A known method of constructing chimeric somatostatin-containing proteins using an amino acid spacer containing arginine and proline, which determines the localization of somatostatin on the surface of the carrier protein and, therefore, the high immunogenicity of the drug (RU 2031121 C1, IPC C12N 15/12, 1995). The design consists of a water-insoluble carrier protein (a fragment of a bacterial chloramphenicolacetyltransferase without 10 C-terminal amino acids), a tetrameric spacer and a C-terminal somatostatin-14. The molecular weight of the chimeric protein is 28 kDa. This chimeric protein is expressed by Escherichia coli strain B-6519 transformed with pC (Sp) 4 S plasmid. The strain was deposited in the All-Russian Collection of Industrial Microorganisms (VKPM) under the number B-6519. A chimeric protein with exposed somatostatin is a water-insoluble enzymatically inactive chloramphenicol acetyl transferase without 10 C-terminal amino acid residues, to which the somatostatin-14 amino acid sequence is attached via a spacer sequence. The method of anti-somatostatin immunization of animals using the indicated chimeric somatostatin-containing protein is proposed for use in industrial livestock raising to increase the productivity of farm animals (RU 2034457 C1, IPC АКК 67/02, 1995). The productivity of farm animals includes: milk production, meat productivity, wool shearing (Big Soviet Encyclopedia, Editor-in-Chief A.M. Prokhorov. M.: Publishing House "Soviet Encyclopedia", 1975, Volume 21, p. 36, rubric "Productivity of Farm Animals" )

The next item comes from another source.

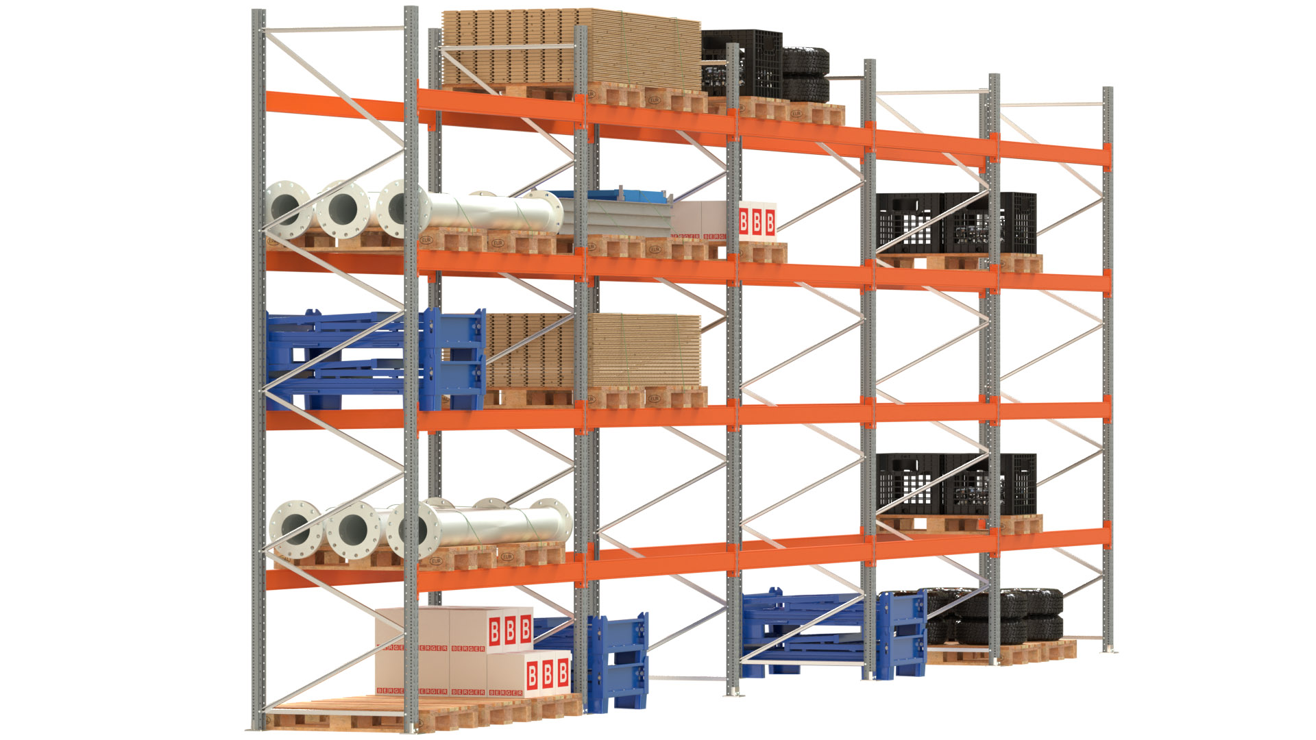 Palettenregal ARTUS - Breite 1401 cm - Höhe 450 cm - Tiefe 110 cm - 4 Träger-Ebenen - Fachlast 2700 kg - 75 Palettenstellplätze
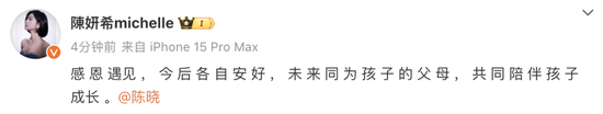 2月18日,陈晓和陈妍希在社交平台发文官宣离婚。两人发布同样的文字内容:“感恩遇见,今后各自安好,未来同为孩子的父母,共同陪伴孩子成长。”并@出对方。

It is known that when preparing a finished dosage form of a preparation for increasing the meat and milk productivity of farm animals containing an effective amount of a chimeric protein with a water-insoluble enzymatically inactive chloramphenicolacetyltransferase without 10 C-terminal amino acids, the amino acid spacer (Sp) n, where n = 1, 2, 4 , 8, and the somatostatin-14 sequence with the amino acid sequence AGCFWKTFTSC used Freund's incomplete adjuvant as adjuvant (RU 2034457 C1, IPC A01K 67/02, 1995). However, the high reactogenicity of the adjuvant, the presence of pain in animals with its introduction led to the need to search for other adjuvant systems.

It is known that the use of a drug to increase the meat productivity of broilers containing an effective amount of a chimeric protein with a water-insoluble enzymatically inactive chloramphenicol acetyl transferase without 10 C-terminal amino acids, an amino acid spacer (Sp) n, where n = 1, 2, 4, 8, and a somatostatin sequence 14 with the amino acid sequence AGCFWKTFTSC in liposome form (RU 2337708 C1, IPC A61K 39/385, 2006), in this case is unacceptable due to the low concentration of the active substance in the specific volume (<1 · 10 ^-3 g / ml) . For an animal weighing more than 500 kg, the introduction of about twenty milliliters of the drug would be required, which in practice is a very problematic circumstance.

SUMMARY OF THE INVENTION

The objective of the invention is to use a chimeric somatostatin-containing protein to increase the reproductive qualities of male farm animals and roosters, namely to increase sperm production (increase ejaculate volume, reduce sperm marriage by biological indicators) in manufacturers of farm animals and roosters in the form of an injection drug with low reactivity of the adjuvant, allowing injections without pain for livestock producers and roosters .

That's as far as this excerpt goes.